Exercise aim –
Starting at the line containing "Final NHL Jersey" and ending at the line containing "Flotte pinke balloner", transcribe the listing below exactly. Keep both end lines, skip the pictures, and copy nothing else.

Given records –
==============================
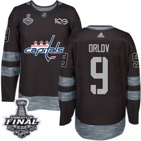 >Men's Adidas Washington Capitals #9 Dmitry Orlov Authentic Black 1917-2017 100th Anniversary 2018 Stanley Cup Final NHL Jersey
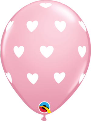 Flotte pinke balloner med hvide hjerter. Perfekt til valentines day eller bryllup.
==============================
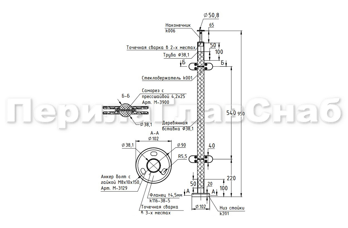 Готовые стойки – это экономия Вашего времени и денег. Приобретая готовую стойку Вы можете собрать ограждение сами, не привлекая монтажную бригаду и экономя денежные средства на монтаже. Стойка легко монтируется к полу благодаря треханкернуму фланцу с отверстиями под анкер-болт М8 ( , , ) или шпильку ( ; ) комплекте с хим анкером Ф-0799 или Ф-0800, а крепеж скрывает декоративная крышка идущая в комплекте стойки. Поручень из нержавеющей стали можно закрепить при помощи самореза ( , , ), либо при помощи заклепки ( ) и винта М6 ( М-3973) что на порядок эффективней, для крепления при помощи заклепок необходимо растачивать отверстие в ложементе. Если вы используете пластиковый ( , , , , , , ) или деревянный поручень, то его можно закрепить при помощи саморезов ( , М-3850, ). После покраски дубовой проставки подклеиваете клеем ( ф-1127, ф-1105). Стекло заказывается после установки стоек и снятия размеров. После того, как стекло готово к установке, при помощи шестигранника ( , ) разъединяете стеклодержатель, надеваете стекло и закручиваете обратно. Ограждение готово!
==============================
Reply –
 >Men's Adidas Washington Capitals #9 Dmitry Orlov Authentic Black 1917-2017 100th Anniversary 2018 Stanley Cup Final NHL Jersey
 Flotte pinke balloner med hvide hjerter. Perfekt til valentines day eller bryllup.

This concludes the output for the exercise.